Data under study:
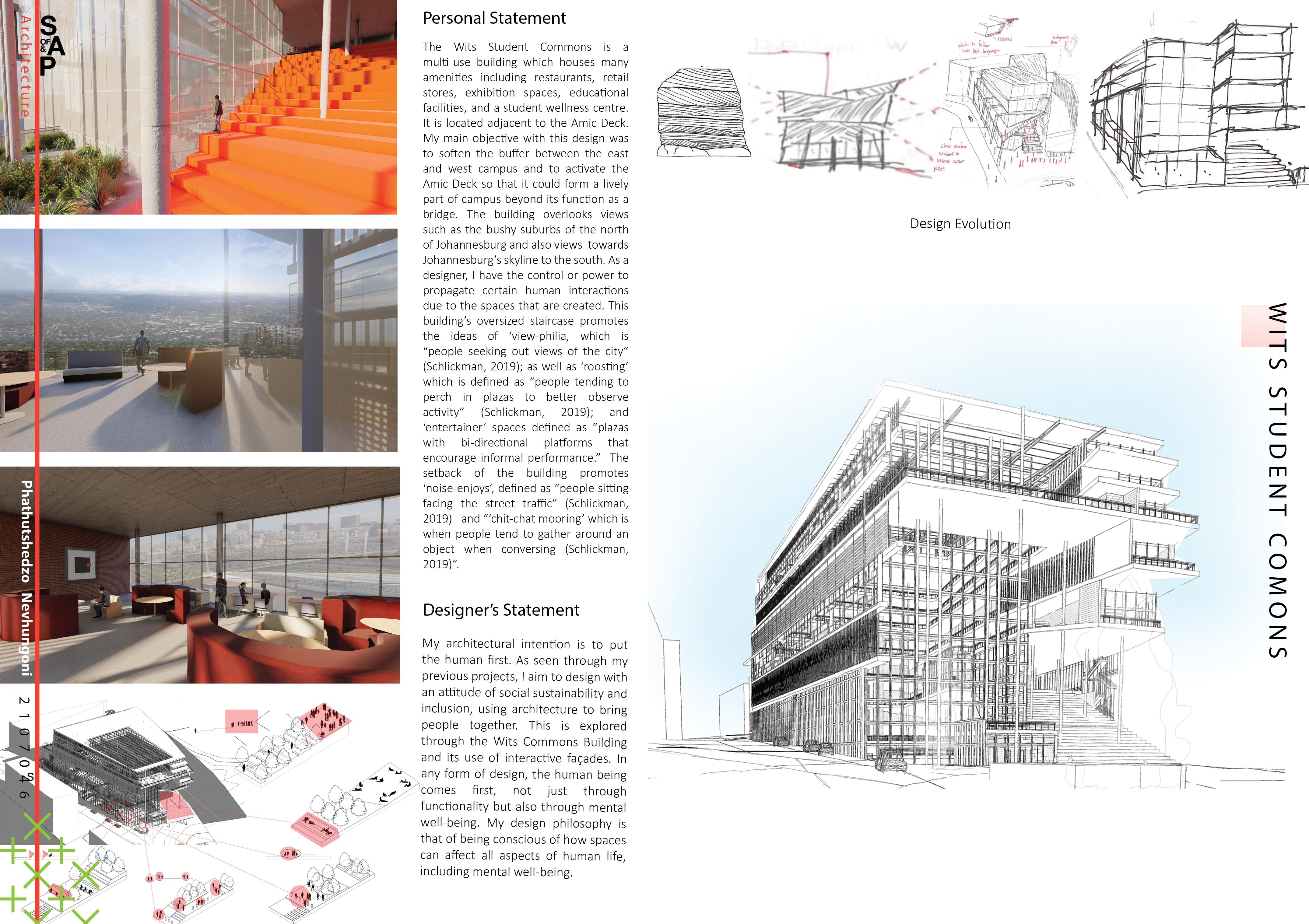 Architecture is an art that is inhabited by the mind, whether this involves human or non-human actors. Therefore, architecture should reflect the needs of conscious beings around it, limi�ng the self-expression of the architect and moving towards the colloquialisa�on of architecture. As a Wits-trained aspiring architect, I value contextually driven, sustainable architecture that is informed by building science, local tradi�ons, and the collabora�on of consultants to bring about architecture that addresses needs, and that brings delight into daily life.
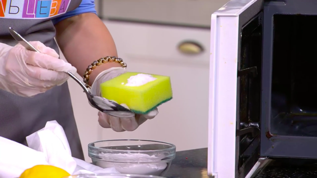 В стеклянной таре разводят соду, которая при нагревании осядет конденсатом внутри микроволновки. Под действием сыпучего вещества пятна жира, потеки, брызги размякнут.
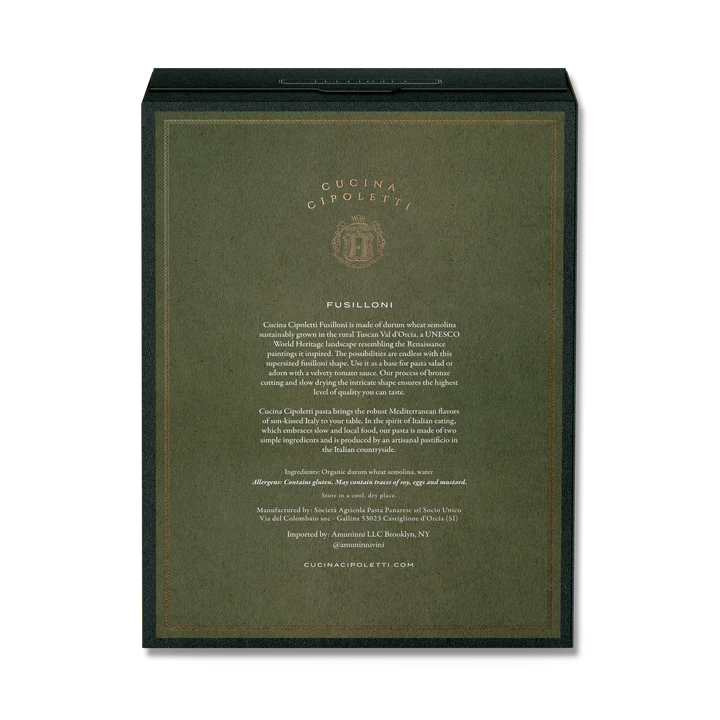 Cucina Cipoletti Fusilloni is made of durum wheat semolina sustainably grown in the rural Tuscan Val d’Orcia, a UNESCO World Heritage landscape resembling the Renaissance paintings it inspired. The possibilities are endless with this supersized fusilloni shape. Use it as a base for pasta salad or adorn with a velvety tomato sauce. Our process of bronze cutting and slow drying the intricate shape ensures the highest level of quality you can taste.
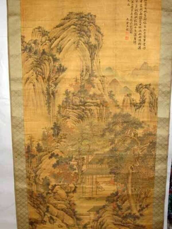 Ink and color on silk, showing a moutainous landscape, with black ink inscription.
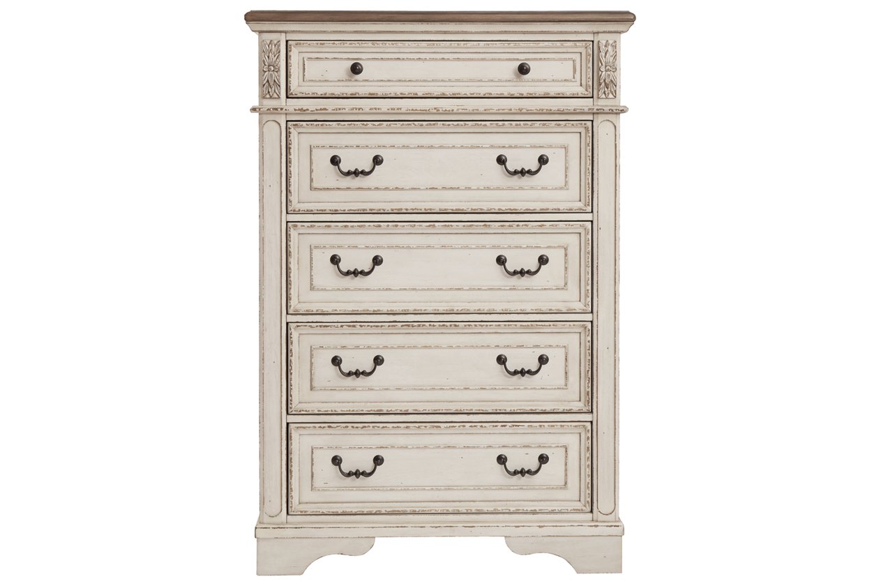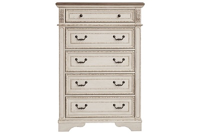 ASHLEY комод REALYN (коллекция AMERICAN LIFESTYLE).Стиль: американский Vintage Casual.Тип: комод для спальни высокий,пять ящиков с рамочным фасадом,верхний обит фетром.Цвет: слоновая кость/коричневый.Отделка: антикварная искусственно состаренная двухцветная;металлическая бронзовая фурнитура.Размеры,мм:ш.1019/г.461/в.1477.

What this task involves: Quote the data above in full, leaving out the pictures it holds.

Exercise output:
 Architecture is an art that is inhabited by the mind, whether this involves human or non-human actors. Therefore, architecture should reflect the needs of conscious beings around it, limi�ng the self-expression of the architect and moving towards the colloquialisa�on of architecture. As a Wits-trained aspiring architect, I value contextually driven, sustainable architecture that is informed by building science, local tradi�ons, and the collabora�on of consultants to bring about architecture that addresses needs, and that brings delight into daily life.
 В стеклянной таре разводят соду, которая при нагревании осядет конденсатом внутри микроволновки. Под действием сыпучего вещества пятна жира, потеки, брызги размякнут.
 Cucina Cipoletti Fusilloni is made of durum wheat semolina sustainably grown in the rural Tuscan Val d’Orcia, a UNESCO World Heritage landscape resembling the Renaissance paintings it inspired. The possibilities are endless with this supersized fusilloni shape. Use it as a base for pasta salad or adorn with a velvety tomato sauce. Our process of bronze cutting and slow drying the intricate shape ensures the highest level of quality you can taste.
 Ink and color on silk, showing a moutainous landscape, with black ink inscription.
 ASHLEY комод REALYN (коллекция AMERICAN LIFESTYLE).Стиль: американский Vintage Casual.Тип: комод для спальни высокий,пять ящиков с рамочным фасадом,верхний обит фетром.Цвет: слоновая кость/коричневый.Отделка: антикварная искусственно состаренная двухцветная;металлическая бронзовая фурнитура.Размеры,мм:ш.1019/г.461/в.1477.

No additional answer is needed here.